An Analysis of the CPU2K Benchmarks on the Intel Itanium 2 Processor

Wednesday, March 5, 2003 - 17:30
TH 331
Allan D. Knies Intel Corporation
The Itanium 2 processor is the second processor in the Itanium Processor Family and provides approximately twice the performance of the original Itanium processor. While this is not unusual for a subsequent generation processor to get such a big improvement, this is unusual when both chips are produced on the same process generation and have approximately the same die size. HP has reported that their Itanium 2 server achieves a score of 810 on SPECintbase_2000 --- higher than any 0.18u micron processor on the SPEC website (as of July 9). To help explain how it achieves its excellent performance (810 int/1356 FP), we analyze how different compilers use the Itanium architecture features and specific characteristics of the Itanium 2 processor microarchitecture. In the first part of talk, we will show how the Intel and HP compilers make use of Itanium architecture features to optimize application performance. We include detailed data regarding instruction set mixes, branch prediction and predication, software pipelining, control and data speculation, and the register stack engine. The analysis provides data from both the Intel and HP Itanium-based compilers and shows that both compilers find instruction level parallelism of nearly 3 instructions per clock. The results show that predication, speculation, and the register stack combined provide substantial benefits. The results also show that independently developed compiler technology achieves good results and that substantial value can be added based on OS policies and implementation. In the second part of the talk, we examine detailed behavior of the Itanium 2 processor's execution resources, fetch bandwidth, and cache hierarchy to explain some of the benefits and trade-offs made during the Itanium 2 development. This analysis provides detailed breakdowns to show where time is being spent, what are the limiting factors in performance, and how the microarchitecture has been optimized for performance across a wide variety of applications (integer, floating-point, security, commercial). All of the data was gathered on real hardware using the Itanium 2's performance monitoring hardware under HP-UX and early versions of Microsoft's 64-bit OS. [Note: this presentation was originally co-authored and presented with James McCormick at HP]

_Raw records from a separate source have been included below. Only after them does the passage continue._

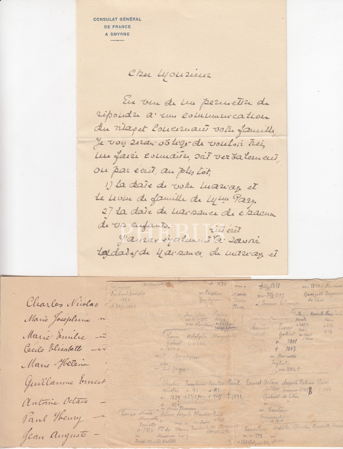 İzmir [Smyrne] Fransız Konsolosluğu Antetli Yazışma ve 2 Adet Belge
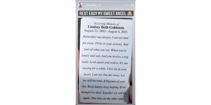 A su vez, Josh también compartió otro mensaje sobre su hermana a través de Instagram Story (captura de pantalla a continuación). Esta vez, el mensaje provino de una tarjeta impresa que incluía su nombre completo, Lindsey Beth Goldstein, junto con su fecha de nacimiento (23 de agosto de 1993) y fecha de muerte (4 de agosto de 2021). La tarjeta también tenía un poema de Deborah J. Birdoes que dice: “Recuérdame siempre; no estoy tan lejos. Estaré en tus acciones, y seré parte de lo que digas. Cuando estés solo y triste, y recibas una gran sonrisa. Míralo de nuevo y date cuenta, soy yo. por un tiempo. Amo en tu corazón. No estoy tan lejos. Déjame convertirme en, Una gran parte de tu día. Mantente feliz, sigue esperando, Aunque haya muerto. Juntos volveremos a ser. Esto el tiempo en el otro lado “.
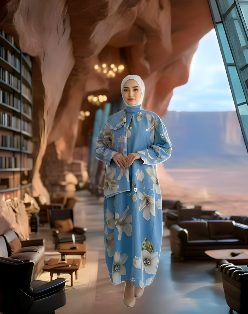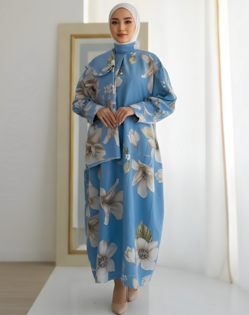Tauchen Sie ein in die Schönheit der Natur, eingefangen in diesem atembeaubenden, fließenden Kleid. Das himmlische Blau des Stoffes wird von geschmackvollen, hellbraunen Blütenverziert, die eine harmonische Ruhe ausstrahlen. Dieses Kleidungsstück ist mehr als nur Mode; es ist ein Gefühl von Anmut und Leichtigkeit für jede Gelegenheit. Ob beim festlichen Besuch, einem wichtigen Termin oder im entspannten Alltag – es bietet Ihnen einen stilvollen, bedeckten Look, der Ihre Persönlichkeit elegant unterstreicht. Spüren Sie die Verbindung zur Natur und genießen Sie den außergewöhnlichen Tragekomfort des weichen Materials, das Sie den ganzen Tag begleitet.
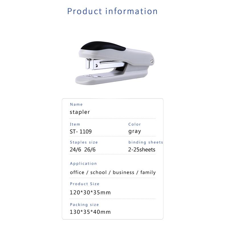 Vật chất::kim loại Kích thước:Bình thường Kích thước ghim:24/6, 24 / 6T, 26/6 Công suất ghim:80 chiếc Dung lượng tấm:25 Độ sâu cổ họng:80mm Kích thước:12 * 3 * 3.5 cm op kim bấm tiện
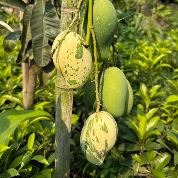 A variegated mango, also known as Chilta Khas, is a mango variety characterized by its leaves with variegated patterns, typically featuring green and yellow or cream shades. The fruit itself also displays a variegated appearance with a mixture of green and yellow skin. This mango variety is known for its sweet flavor and is a popular choice for both ornamental and fruit purposes.
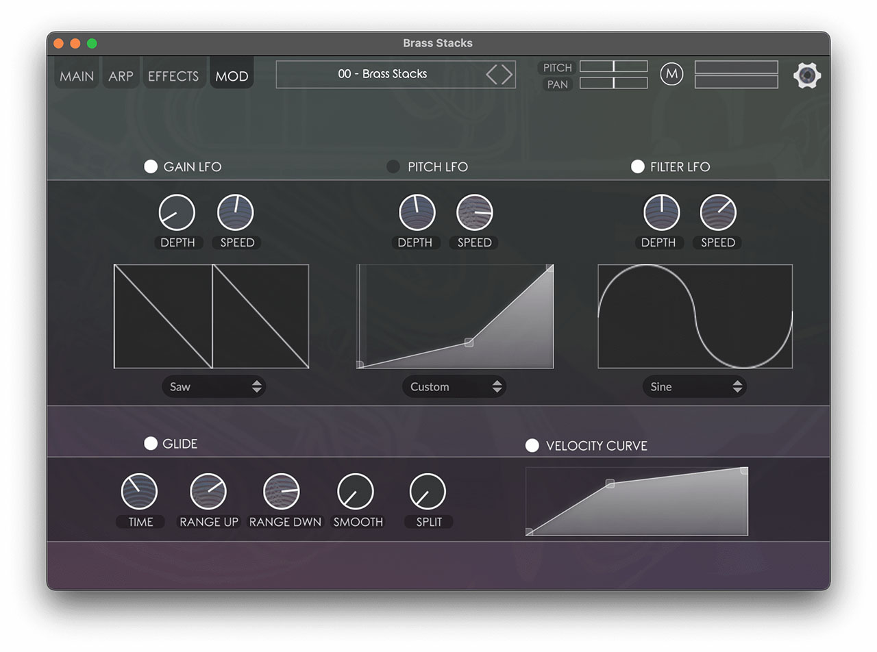 - 6 つの形状オプションを備えた 3 つの LFO (ゲイン LFO、ピッチ LFO、フィルター LFO)
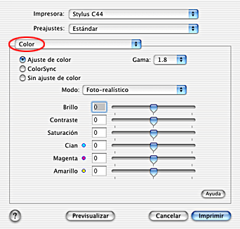 Si selecciona Color en el menú emergente, podrá controlar los métodos de correspondencia y ajuste del color suministrados con el controlador de la impresora. Siga estas instrucciones.
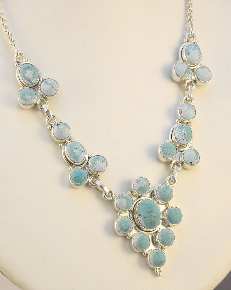 Sterling Silver Turquoise V Drop Necklace, 8 1/2" length.
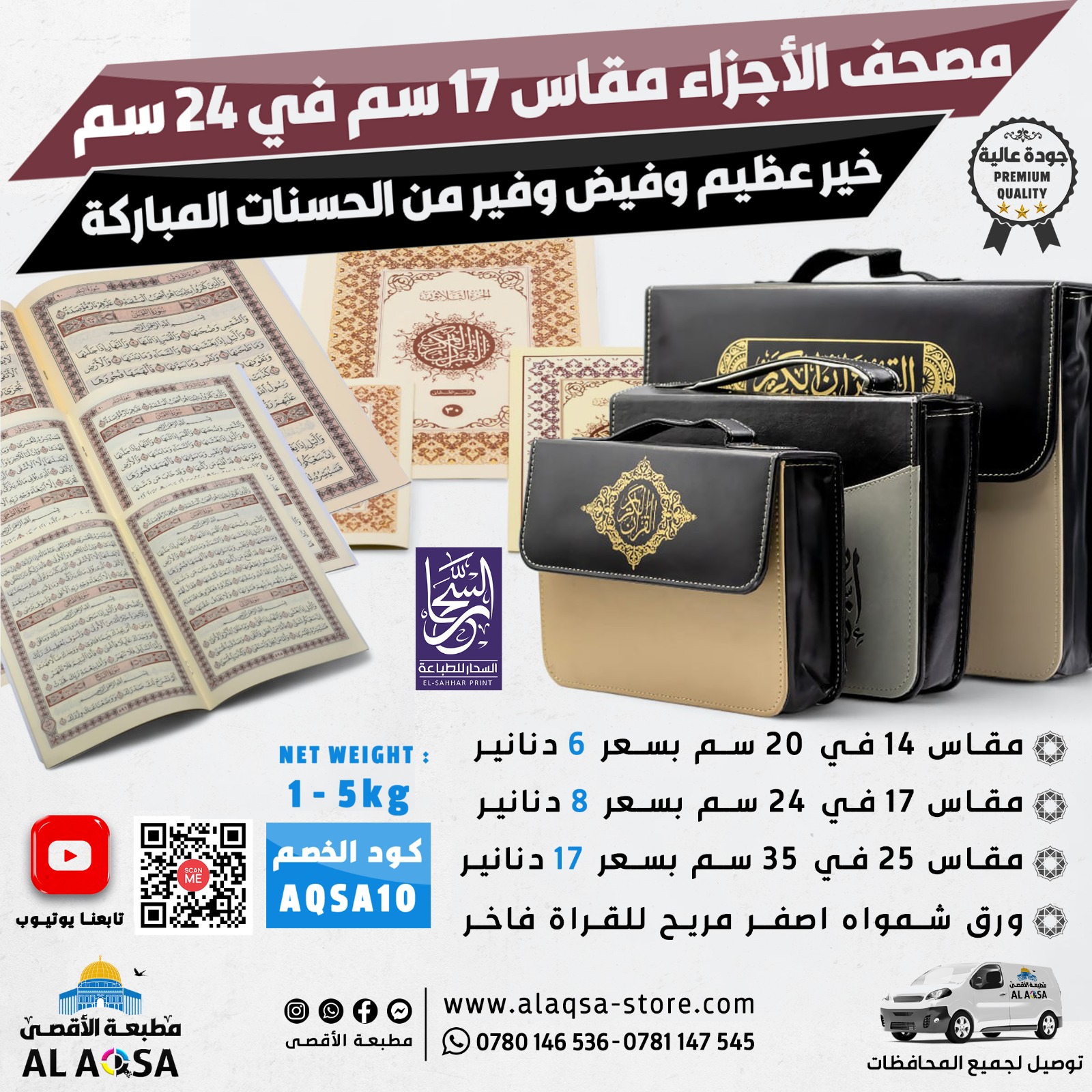 قرآن اجزاء دار السحار للطباعة مقاس صغير و وسط و كبير، مقسم ثلاثون جزءاً ، ورق شمواه كريمي
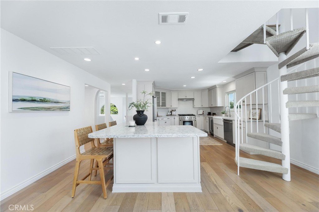 Up the spiral staircase is the loft level, where a flexible bonus living space offers versatility as a home office, creative studio, or additional lounge area. Attached to the loft is another private patio with a peek-a-boo view of the ocean and an uninterrupted breeze.
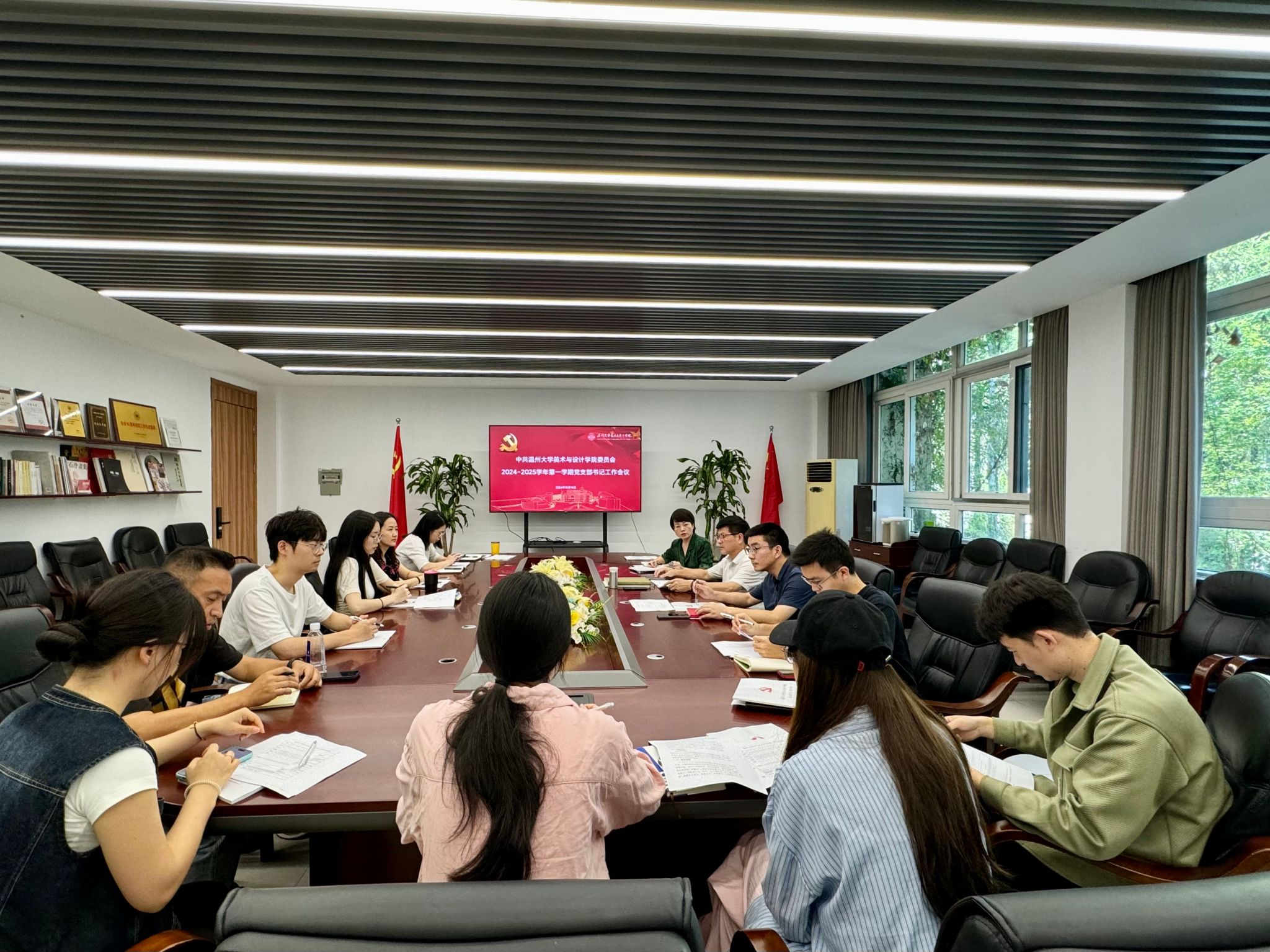 会上,学院党委书记刘青松带领与会人员深入学习了党的二十届三中全会精神,细致解读了习近平总书记在庆祝中华人民共和国成立75周年招待会上的重要讲话,并传达了学校秋季新学期党建工作会议的相关部署和要求。他强调,要以坚持问题导向施策发力,持续抓好基层党建工作。以“三个引领”、“三项工程”、“三项行动”为学院师生支部工作指明方向。并提出七点要求: 一要“凝心铸魂”,增强政治意识;二要“一融双高”,增强大局意识;三要“增才提能”,增强人才意识;四要“强基提质”,增强质量意识;五要“落细抓早”,增强大安全意识;六要“凝聚共识”,增强特色办学意识; 七要“聚精会神”,增强审美力意识,不断推动学院各党支部工作提质增效。

Allan Knies is a Senior Computer Architect with Intel Corporation. He joined the IA-64 architecture team in 1995 to work on the first generation IA-64 processor specializing in architecture, compiler technology, and performance analysis.
He and his team are currently responsible for the definition and evolution of the IA-64 application architecture as well as investigating related issues with respect to compiler technology and performance evaluation of future IA-64 microprocessors.
He has a B.S. in Mathematics and Computer Science from Ohio University, an M.S. in Computer Science from Purdue University, and a Ph.D. from the School of Electrical and Computer Engineering at Purdue. He is a member of Phi Beta Kappa and Eta Kappa Nu.